Malaga from a different perspective

My well-deserved weekend was spent half on the beach and half on the town exploring some of Malaga's main sights. I started my Sunday by having my very favourite breakfast at the terrace of El Pimpi, one of Malaga's most famous and most traditional restaurants. This breakfast consists of toast with tomato paste and olive oil, a café con leche and a glass of natural orange juice. I have to say that I've had better versions of the tostada con tomate elsewhere, but breakfast is probably not what El Pimpi specializes in. The coffee, however, was good and the location left little to be desired.










El Pimpi's terrace is located just opposite to the oldest historical monument in Malaga, the Roman Theater, built in the 1st century AD and discovered in 1951. For many years, the theater was half-buried under the Casa de Cultura (Cultural Center). In 1995, a decision was made to abolish the Casa de Cultura, and after the excavation works and many years of restoration, the theater was reopened for public in 2011. It is definitely worth the visit for anybody interested in history, and especially beautiful at night time when it's lit.

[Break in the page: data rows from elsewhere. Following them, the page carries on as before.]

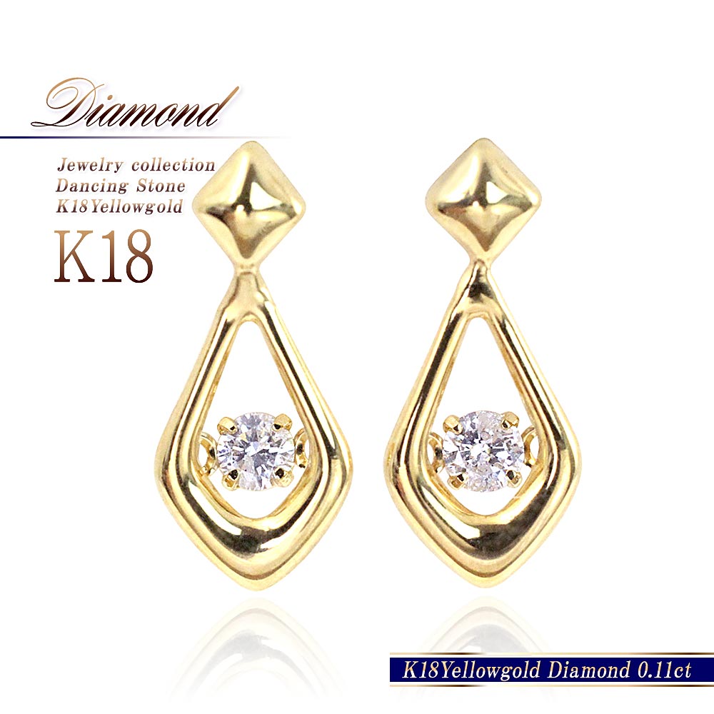 ダイヤモンド ピアス 18金 ゆれる レディース k18 プレゼント 揺れる ダイアモンド アクセサリー 18k ジュエリー ダイヤ ひし形 金色 18
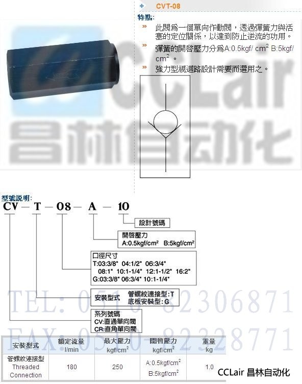 CVT-08-A-10,CVT-08-B-10,單向閥
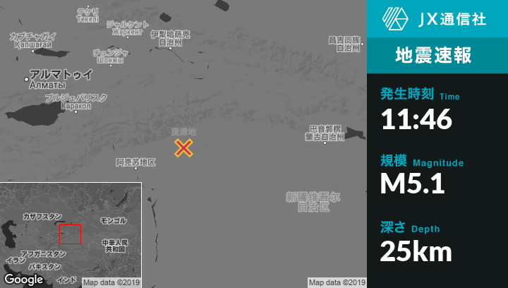 12月05日 11:46頃、中国のKuqaから西100kmの地点でM5.1の地震がありました。

Right above Roman Theater lies what is perhaps Malaga's most emblematic monument, the Alcazaba palatial fortress that dates back from the city's muslim period. Though not as grand nor a well-known as the Alhambra of Granada, the Alcazaba is said to be the best preserved Moorish fortress palace in Spain.






I had already visited the Roman Theater and the Alcazaba a few weeks back, so it was time for me to head higher and visit another important landmark of Malaga, the Castillo de Gibralfaro (Gibralfaro Castle), originally built to house troops and protect the Alcazaba. After the reconquest of the city, Ferdinand the Catholic made Gibralfaro his temporary residence.

Nowadays, most tourists visit the castle because of the spectacular views of city it offers. If you don't enjoy walking, you can take a bus from the city center. But if you don't mind the exercise, a well-paved way up to the castle leaves from very near the Alcazaba entrance. The walk takes somewhere around 20 to 30 minutes, depending on how many times you want to stop to enjoy the scenery.  The climb is pretty steep, but the views are forth it. Once you reach the top, you can walk around the whole perimeter of the fortress and enjoy Malaga from a different perspective. The entrance fee is only 2,20€ - or if you are lucky like me and happen to visit the castle on a Sunday after 2 pm, you don't need to pay anything.